Copy the material below verbatim from the line with "This is an original" to the line with "A stunning display", both lines included, omitting pictures and every line outside that range.

---------- Entries provided ----------

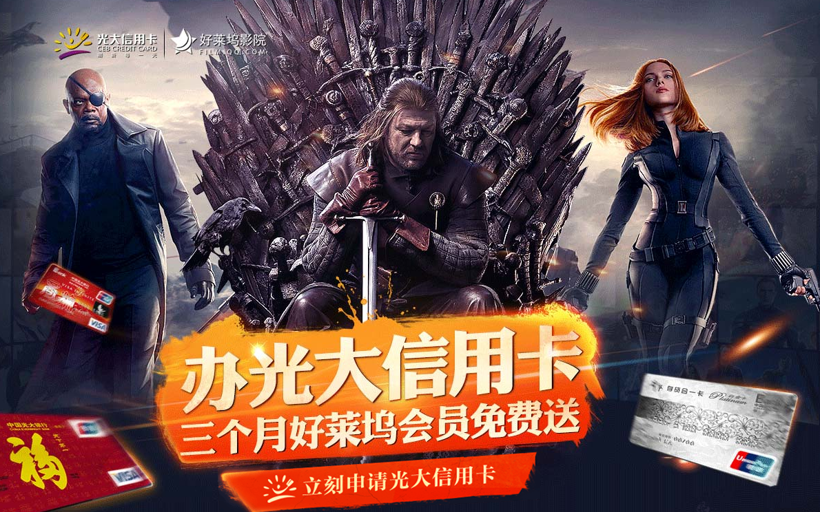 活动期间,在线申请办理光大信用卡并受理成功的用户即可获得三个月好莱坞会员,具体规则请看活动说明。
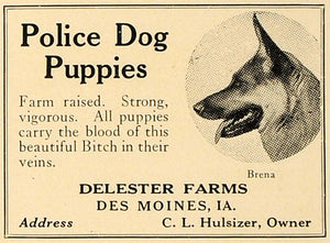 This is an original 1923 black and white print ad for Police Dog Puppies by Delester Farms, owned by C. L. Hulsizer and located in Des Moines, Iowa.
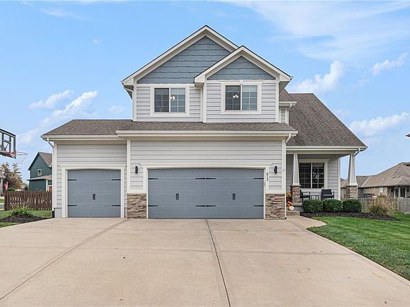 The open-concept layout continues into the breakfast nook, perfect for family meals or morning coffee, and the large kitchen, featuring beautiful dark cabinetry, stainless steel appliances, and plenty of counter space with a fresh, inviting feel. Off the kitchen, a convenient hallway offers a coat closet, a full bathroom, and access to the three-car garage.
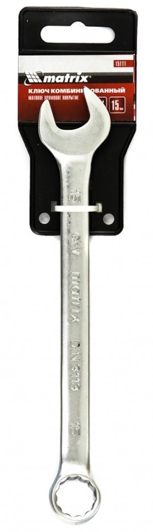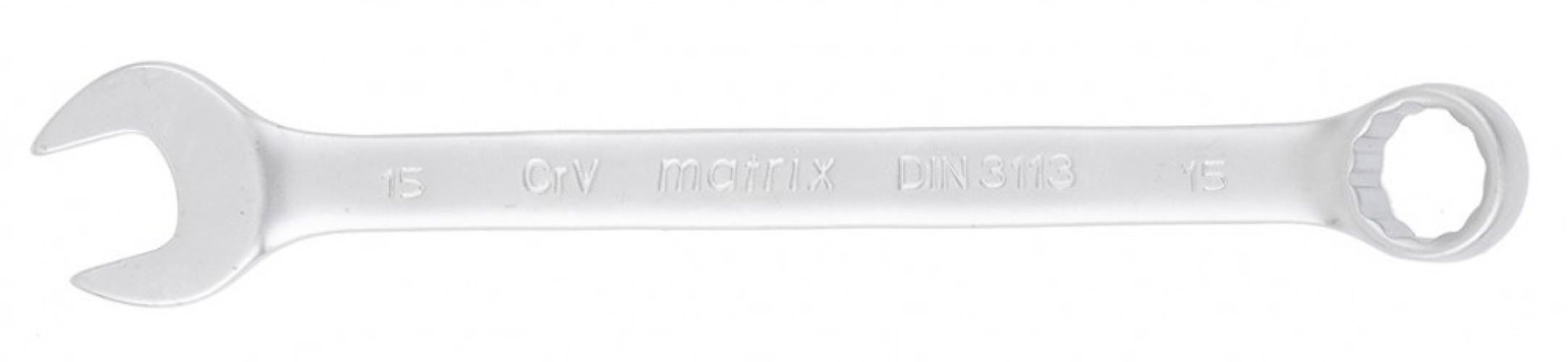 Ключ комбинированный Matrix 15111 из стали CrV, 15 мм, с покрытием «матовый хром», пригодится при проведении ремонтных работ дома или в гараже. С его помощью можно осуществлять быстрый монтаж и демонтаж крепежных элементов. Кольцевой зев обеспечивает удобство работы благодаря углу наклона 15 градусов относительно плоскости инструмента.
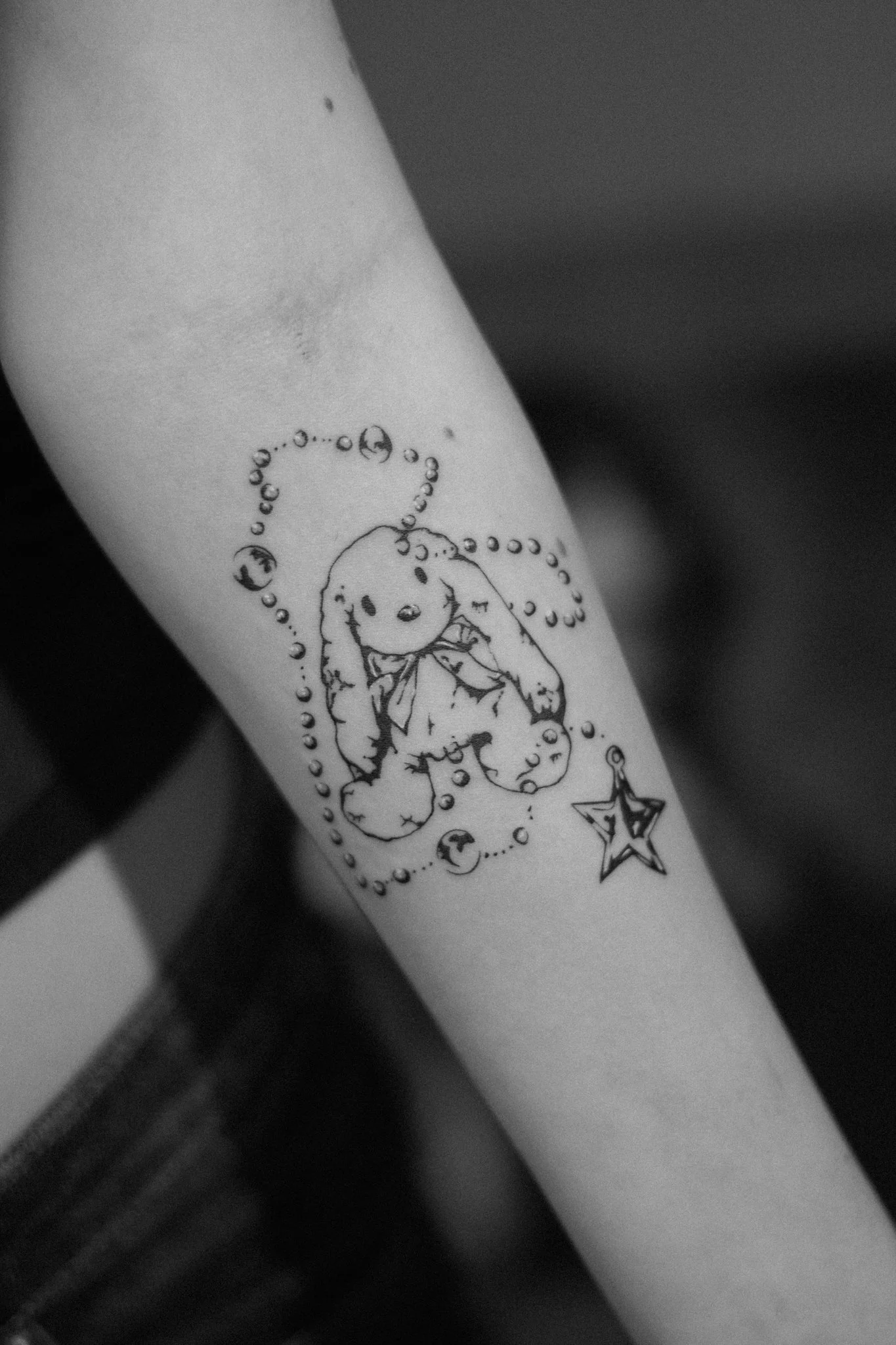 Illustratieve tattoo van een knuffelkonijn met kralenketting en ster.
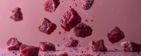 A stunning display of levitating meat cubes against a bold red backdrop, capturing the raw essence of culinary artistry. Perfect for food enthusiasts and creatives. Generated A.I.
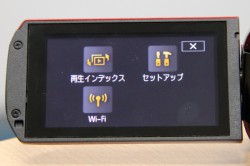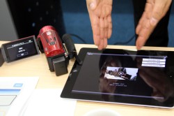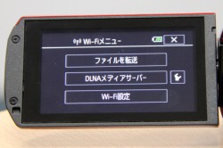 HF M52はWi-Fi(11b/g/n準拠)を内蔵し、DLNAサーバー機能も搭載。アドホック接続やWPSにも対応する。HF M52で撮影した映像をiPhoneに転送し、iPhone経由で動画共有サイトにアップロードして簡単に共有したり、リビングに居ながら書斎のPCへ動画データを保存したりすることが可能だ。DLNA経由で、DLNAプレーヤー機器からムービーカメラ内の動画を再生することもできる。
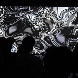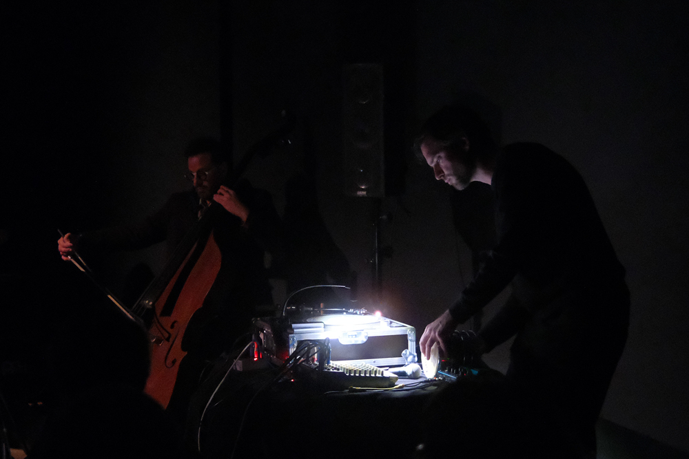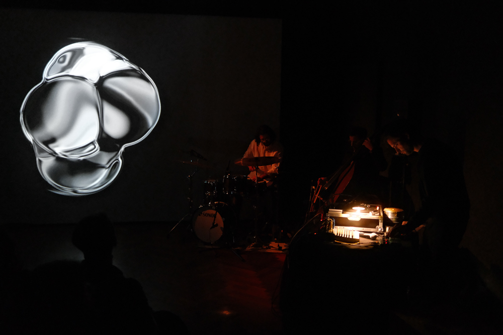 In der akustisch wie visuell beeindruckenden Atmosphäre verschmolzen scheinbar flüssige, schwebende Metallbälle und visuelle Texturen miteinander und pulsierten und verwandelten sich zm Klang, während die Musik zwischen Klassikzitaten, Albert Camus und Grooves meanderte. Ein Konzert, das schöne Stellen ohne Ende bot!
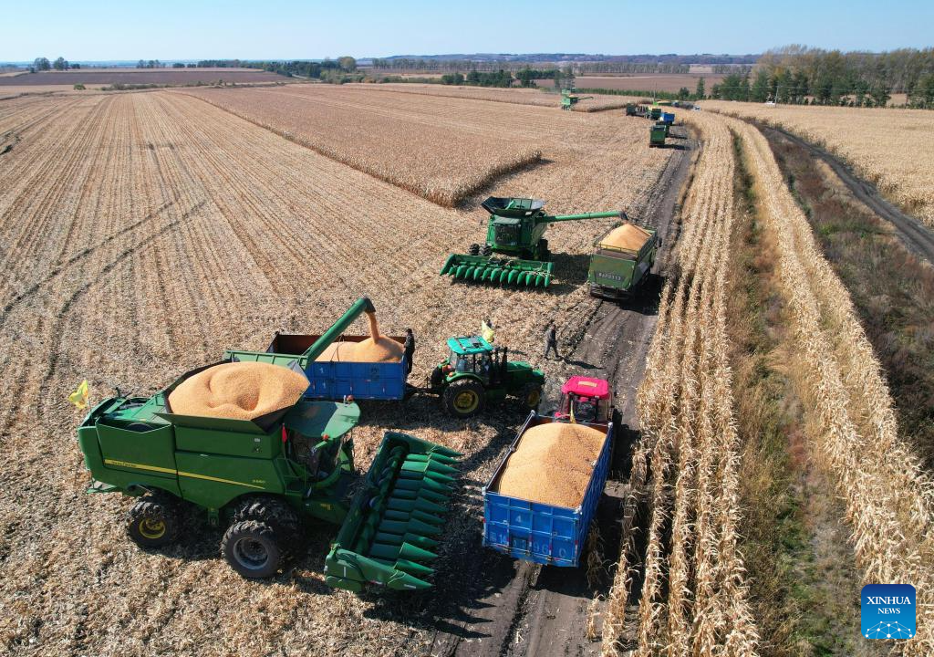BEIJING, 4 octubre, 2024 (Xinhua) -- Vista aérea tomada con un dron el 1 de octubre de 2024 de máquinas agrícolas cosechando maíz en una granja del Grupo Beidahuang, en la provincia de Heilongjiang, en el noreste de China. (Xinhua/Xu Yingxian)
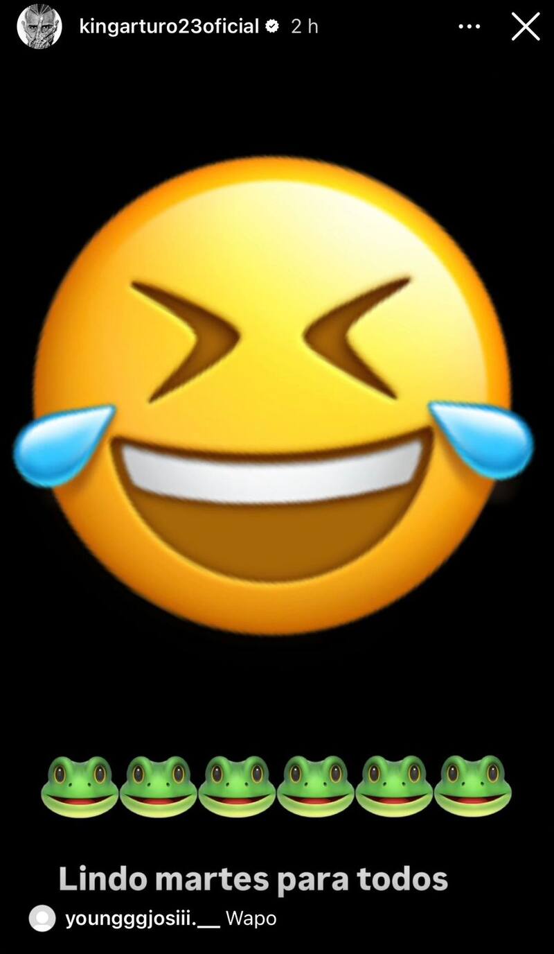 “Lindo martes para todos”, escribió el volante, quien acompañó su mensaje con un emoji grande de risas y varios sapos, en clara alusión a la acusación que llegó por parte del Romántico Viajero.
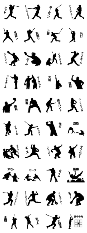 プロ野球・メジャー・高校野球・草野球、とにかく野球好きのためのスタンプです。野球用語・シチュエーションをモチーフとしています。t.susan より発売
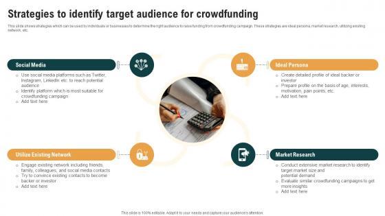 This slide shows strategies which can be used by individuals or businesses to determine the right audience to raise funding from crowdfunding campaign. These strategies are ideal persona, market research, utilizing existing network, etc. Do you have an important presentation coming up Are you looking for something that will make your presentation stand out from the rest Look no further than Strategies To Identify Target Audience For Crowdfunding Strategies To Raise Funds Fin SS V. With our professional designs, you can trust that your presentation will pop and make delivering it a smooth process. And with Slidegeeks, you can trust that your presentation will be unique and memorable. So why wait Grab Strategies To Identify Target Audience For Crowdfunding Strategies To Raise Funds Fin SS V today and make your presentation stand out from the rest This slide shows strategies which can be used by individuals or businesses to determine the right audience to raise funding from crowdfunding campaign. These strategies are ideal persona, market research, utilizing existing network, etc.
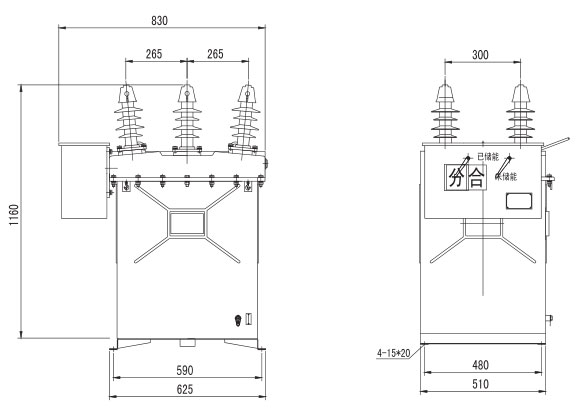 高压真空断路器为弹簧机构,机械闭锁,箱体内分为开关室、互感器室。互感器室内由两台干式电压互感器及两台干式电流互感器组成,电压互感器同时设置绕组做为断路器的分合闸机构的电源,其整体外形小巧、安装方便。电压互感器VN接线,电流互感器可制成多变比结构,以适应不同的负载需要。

----------

#### [Answer to this exercise]
 This is an original 1923 black and white print ad for Police Dog Puppies by Delester Farms, owned by C. L. Hulsizer and located in Des Moines, Iowa.
 The open-concept layout continues into the breakfast nook, perfect for family meals or morning coffee, and the large kitchen, featuring beautiful dark cabinetry, stainless steel appliances, and plenty of counter space with a fresh, inviting feel. Off the kitchen, a convenient hallway offers a coat closet, a full bathroom, and access to the three-car garage.
 Ключ комбинированный Matrix 15111 из стали CrV, 15 мм, с покрытием «матовый хром», пригодится при проведении ремонтных работ дома или в гараже. С его помощью можно осуществлять быстрый монтаж и демонтаж крепежных элементов. Кольцевой зев обеспечивает удобство работы благодаря углу наклона 15 градусов относительно плоскости инструмента.
 Illustratieve tattoo van een knuffelkonijn met kralenketting en ster.
 A stunning display of levitating meat cubes against a bold red backdrop, capturing the raw essence of culinary artistry. Perfect for food enthusiasts and creatives. Generated A.I.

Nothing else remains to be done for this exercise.